Type of nuclear reactor

Similar to how the fission-fragment rocket produces thrust, a fission fragment reactor is a nuclear reactor that generates electricity by decelerating an ion beam of fission byproducts instead of using nuclear reactions to generate heat. By doing so, it bypasses the Carnot cycle and can achieve efficiencies of up to 90% instead of 40-45% attainable by efficient turbine-driven thermal reactors. The fission fragment ion beam would be passed through a magnetohydrodynamic generator to produce electricity.

Fission fragment reactor designs generally have several common components. The reactor chamber contains a high surface area nuclear fuel to both facilitate direct emission of fission fragments and assist in cooling the fuel. Generally, if fuels subject to criticality are used instead of those that naturally decay (as in a nuclear battery), a moderator is typically involved as well. A magnetic mirror induced by an axial magnetic field typically collates the fragments into a beam that can then be decelerated to generate power. The rate the particles decelerate at depends on their energy; as a consequence, the deceleration process also can help provide isotopic separation as an automatic reprocessing stage. The potential could exist for conventional nuclear waste to be processed via the use of fission fragment reactors .
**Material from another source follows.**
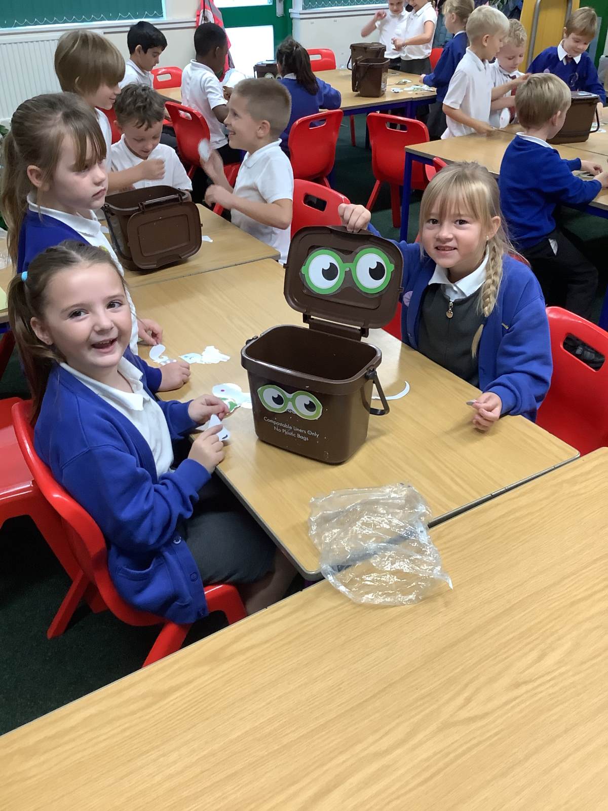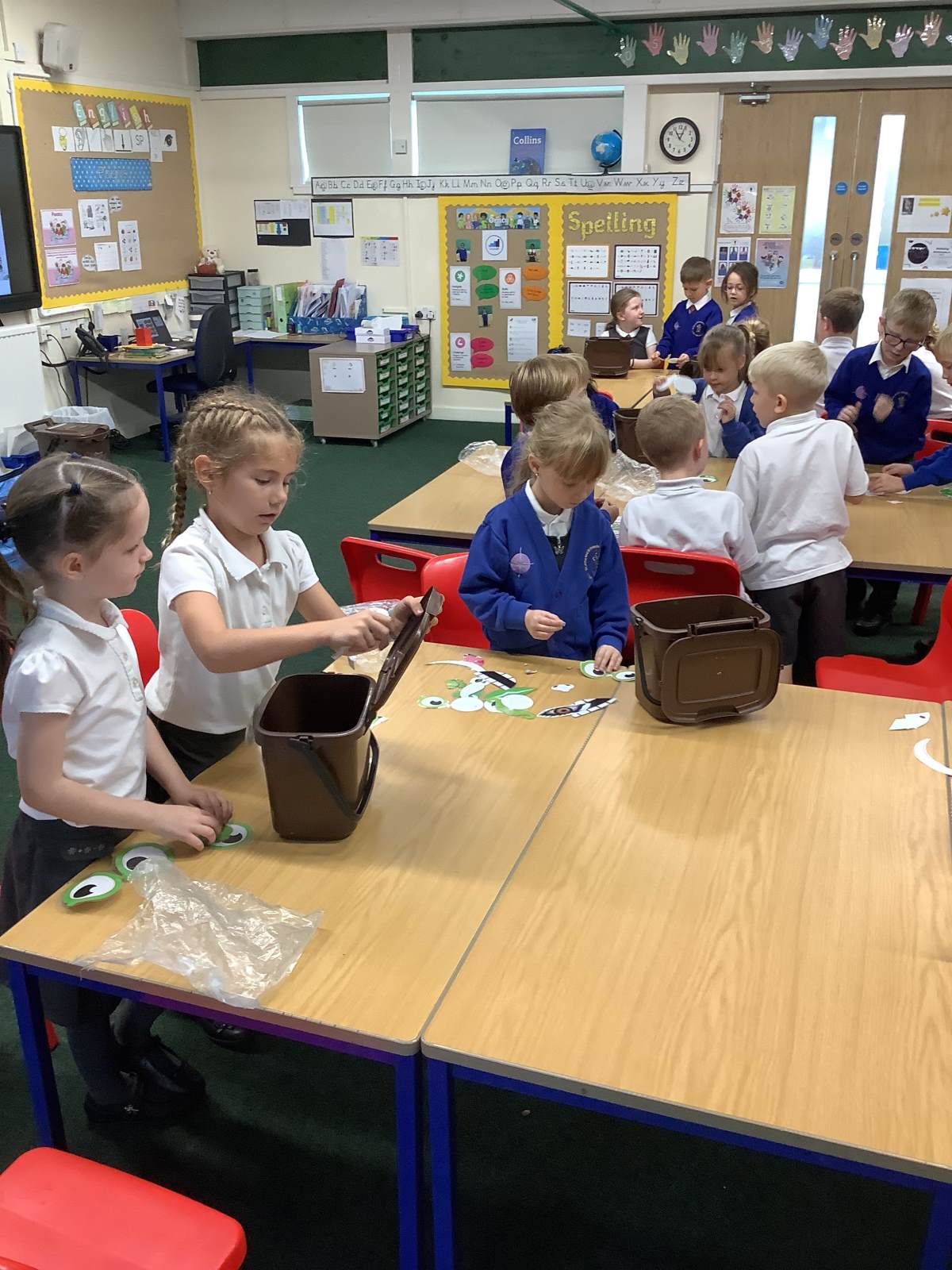 Today we had an exciting visitor in school. Gary came from Carymoor Recycling Centre to talk to us about recycling our waste. He told us about how to recycle different materials and where to put them. He told us where they are taken and what happens next. He talked about the '3 Rs' reuse, recycle and reduce.

An earlier design by scientists at Idaho National Engineering Laboratory and Lawrence Livermore National Laboratory involved the concept of coating fine carbon wires with fissionable fuel. While this had a high surface area, it proved not enough to radiate the heat absorbed during the reactions, so their design was modified to rotate long wires through the core, giving them time to cool.

A later design by Rodney A. Clark and Robert B. Sheldon involves the use of a dusty plasma of electrostatically suspended fuel nanoparticles in the core. This increases the surface area enough to allow for effective radiative cooling. As the particles naturally ionize as fission occurs, electrostatic suspension is a simple process.

==Direct energy conversion==
In the early 2000s, research was undertaken by Sandia National Laboratories, Los Alamos National Laboratory, The University of Florida, Texas A&M University and General Atomics to use direct conversion to extract energy from fission reactions. Essentially, attempting to extract energy from the linear motion of charged particles coming off a fission reaction.